● **PROBLEM DESCRIPTION**
Leave every picture out and return the rest of the listing verbatim.

● **SUPPLIED INFORMATION**
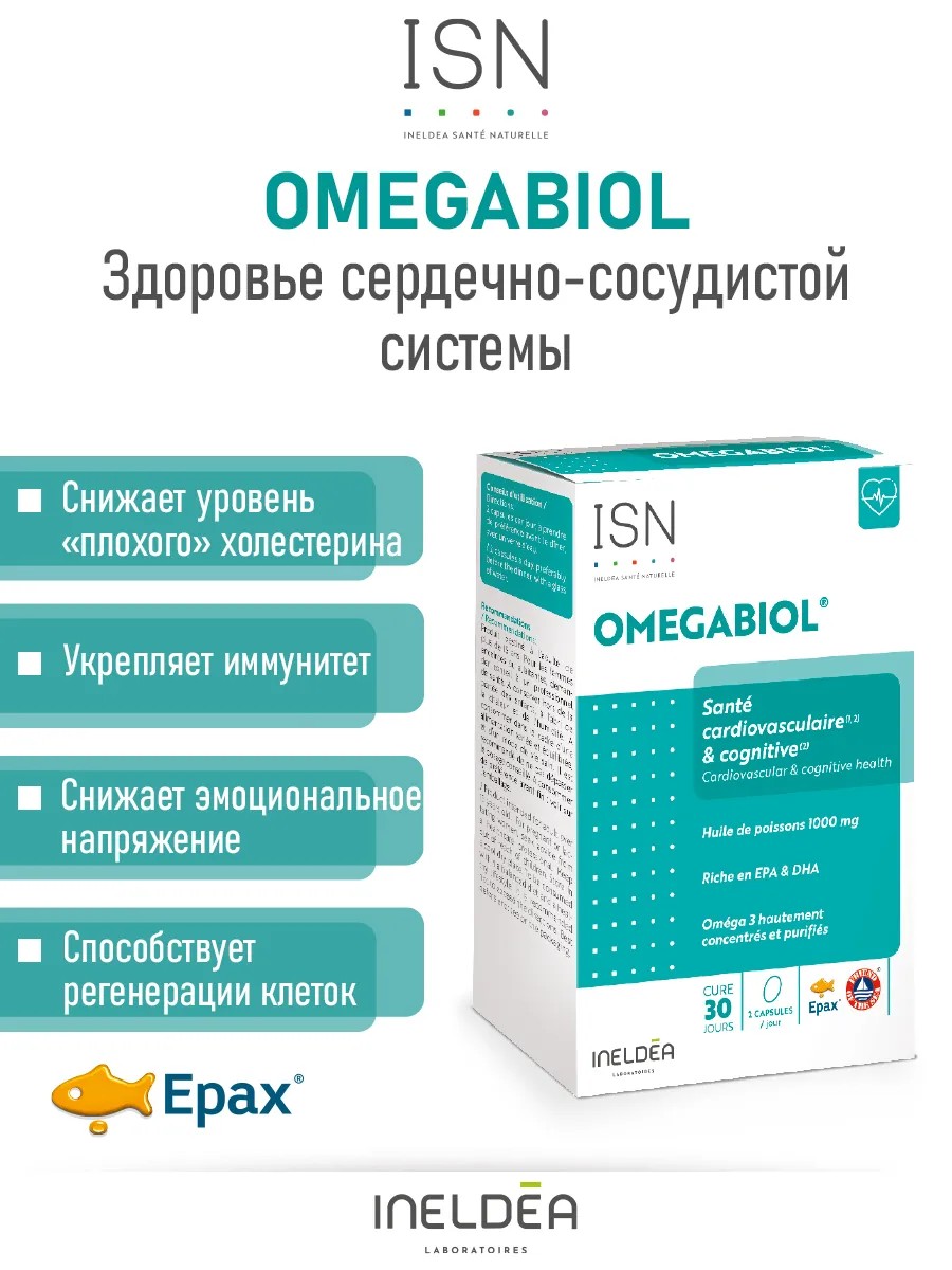 Омегабиол — это комплекс, состоящий из трех видов очищенных масел, которые являются источниками Омега-3 EPA и DHA. Эти жирные кислоты Омега-3 играют важную роль в нормализации сердечных функций. DHA, в частности, способствует поддержанию нормального уровня триглицеридов в крови.
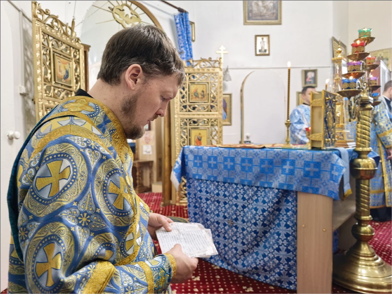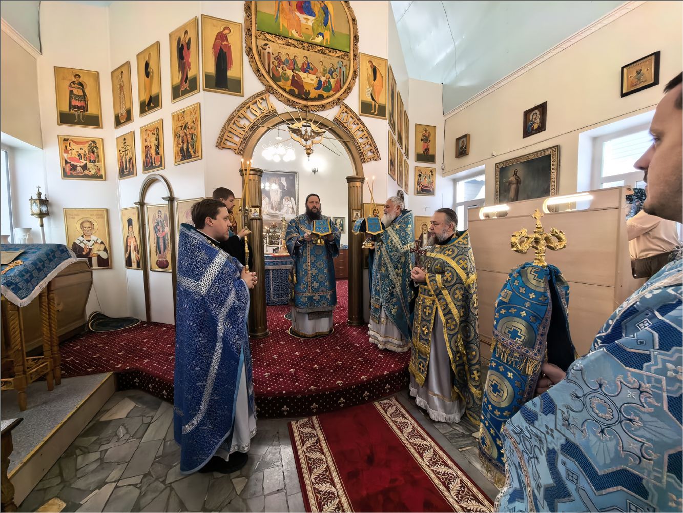 Его Преосвященству сослужили благочинный Закамского округа протоиерей Андрей Дубровин, настоятель храма великомученика Георгия Победоносца города Набережные Челны протоиерей Валерий Каранаев, настоятель храма святителя Тихона города Набережные Челны иерей Дионисий Васильев, клирик Свято‑Вознесенского кафедрального собора иерей Сергий Иноземцев. Диаконский чин возглавил протодиакон Дмитрий Половников. Песнопения исполнил приходской хор под управлением Елены Есауленко.
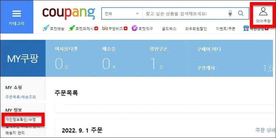 - 마이쿠팡 클릭 : 하단 메뉴에서 '마이쿠팡' 아이콘을 클릭합니다.
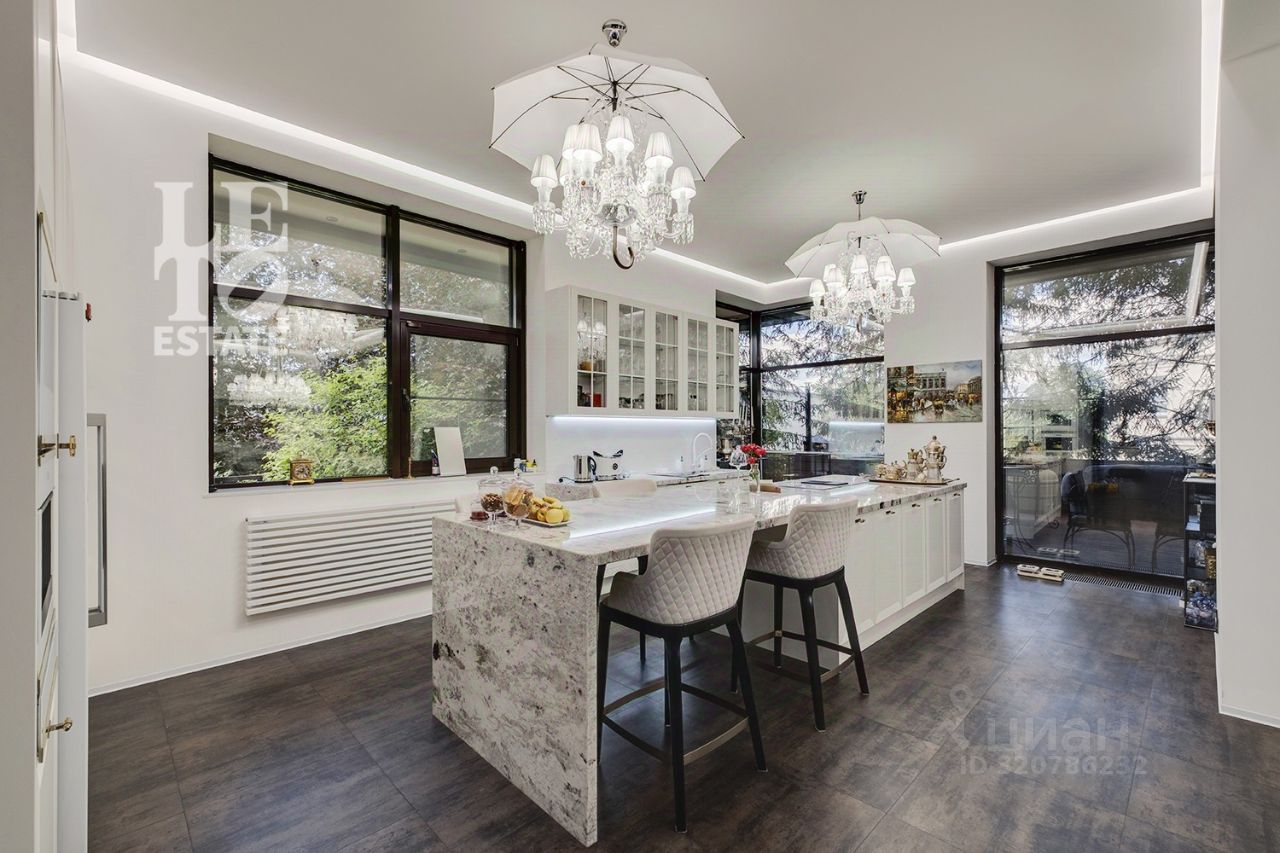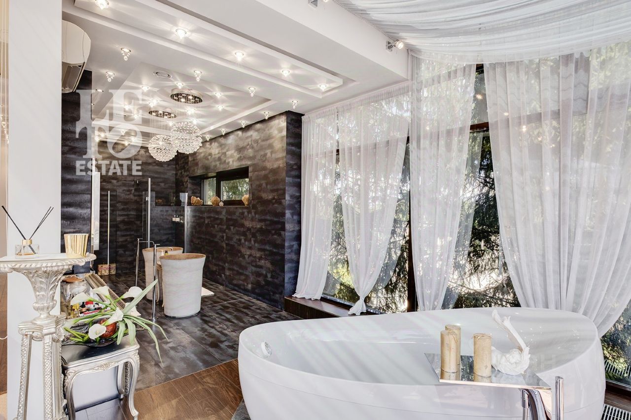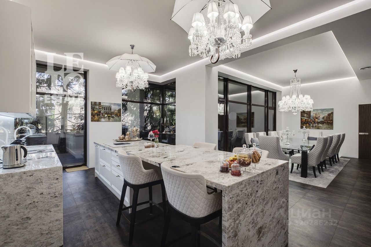 Арт. 112436138 Вашему вниманию представлен загородный дом площадью 950 кв. м на прилесном участке в охраняемом коттеджном поселке ''Десять Ярдов'', расположенном в 5 км от МКАД по Рублево-Успенскому шоссе, рядом с деревней Раздоры. Почувствуйте ритм современности и дыхание леса! Этот дом воплощение стиля: смелая архитектура встречается с просторным участком, прилегающим к лесу. Идея для мечтателей: оформите прилегающий лес в аренду ваше личное царство тишины и покоя! Солнце через гигантские окна заливает каждый уголок теплом и светом, наполняя пространство воздухом и открывая живописные виды, меняющиеся как картины в галерее. Жизнь в потоке света и природы! В доме выполнен дизайнерский современный ремонт, использованы исключительно европейские дорогостоящие материалы, кухня полностью оснащена техникой Kuppersbuch, встроенная и мягкая мебель от ведущих мировых производителей. Имеется канальное кондиционирование по всему дому, а также индивидуальное кондиционирование в каждой комнате - решение, которое позволяет создать свой уникальный климат. Первый этаж имеет уникальную спа-зону: бассейн с противотоком 11.5м х 4.5м, сауна и зоны отдыха. В цокольном этаже расположились несколько досуговых решений: отдельный зал с кинотеатром, оснащенный техникой Bowers&Wilkins, игровая комната с игральными столами и бильярдом, а также отдельное помещение с мини-тренажерным залом. В доме все центральные коммуникации: газоснабжение, электричество, водопровод, канализация. Оборудована котельная, установлено дорогостоящее оборудование De Dietrich. Полная автоматизация управления (освещение, климат) на базе премиальных интегрированных систем. На территории участка имеется отдельный гостевой двухэтажный дом площадью 250 кв. м с гаражом на два автомобиля. Данный дом полностью мебелирован, имеет три изолированных апартамента и полностью оборудованную кухню. Просторный участок 30 соток ухожен и утопает в зелени: украшением и гордостью являются красные клены, привезенные из Германии. Участок прилегает к Серебряноборскому лесничеству, часть лесных земель которого можно взять в аренду.

● **EXPECTED ANSWER**
 Омегабиол — это комплекс, состоящий из трех видов очищенных масел, которые являются источниками Омега-3 EPA и DHA. Эти жирные кислоты Омега-3 играют важную роль в нормализации сердечных функций. DHA, в частности, способствует поддержанию нормального уровня триглицеридов в крови.
 Его Преосвященству сослужили благочинный Закамского округа протоиерей Андрей Дубровин, настоятель храма великомученика Георгия Победоносца города Набережные Челны протоиерей Валерий Каранаев, настоятель храма святителя Тихона города Набережные Челны иерей Дионисий Васильев, клирик Свято‑Вознесенского кафедрального собора иерей Сергий Иноземцев. Диаконский чин возглавил протодиакон Дмитрий Половников. Песнопения исполнил приходской хор под управлением Елены Есауленко.
 - 마이쿠팡 클릭 : 하단 메뉴에서 '마이쿠팡' 아이콘을 클릭합니다.
 Арт. 112436138 Вашему вниманию представлен загородный дом площадью 950 кв. м на прилесном участке в охраняемом коттеджном поселке ''Десять Ярдов'', расположенном в 5 км от МКАД по Рублево-Успенскому шоссе, рядом с деревней Раздоры. Почувствуйте ритм современности и дыхание леса! Этот дом воплощение стиля: смелая архитектура встречается с просторным участком, прилегающим к лесу. Идея для мечтателей: оформите прилегающий лес в аренду ваше личное царство тишины и покоя! Солнце через гигантские окна заливает каждый уголок теплом и светом, наполняя пространство воздухом и открывая живописные виды, меняющиеся как картины в галерее. Жизнь в потоке света и природы! В доме выполнен дизайнерский современный ремонт, использованы исключительно европейские дорогостоящие материалы, кухня полностью оснащена техникой Kuppersbuch, встроенная и мягкая мебель от ведущих мировых производителей. Имеется канальное кондиционирование по всему дому, а также индивидуальное кондиционирование в каждой комнате - решение, которое позволяет создать свой уникальный климат. Первый этаж имеет уникальную спа-зону: бассейн с противотоком 11.5м х 4.5м, сауна и зоны отдыха. В цокольном этаже расположились несколько досуговых решений: отдельный зал с кинотеатром, оснащенный техникой Bowers&Wilkins, игровая комната с игральными столами и бильярдом, а также отдельное помещение с мини-тренажерным залом. В доме все центральные коммуникации: газоснабжение, электричество, водопровод, канализация. Оборудована котельная, установлено дорогостоящее оборудование De Dietrich. Полная автоматизация управления (освещение, климат) на базе премиальных интегрированных систем. На территории участка имеется отдельный гостевой двухэтажный дом площадью 250 кв. м с гаражом на два автомобиля. Данный дом полностью мебелирован, имеет три изолированных апартамента и полностью оборудованную кухню. Просторный участок 30 соток ухожен и утопает в зелени: украшением и гордостью являются красные клены, привезенные из Германии. Участок прилегает к Серебряноборскому лесничеству, часть лесных земель которого можно взять в аренду.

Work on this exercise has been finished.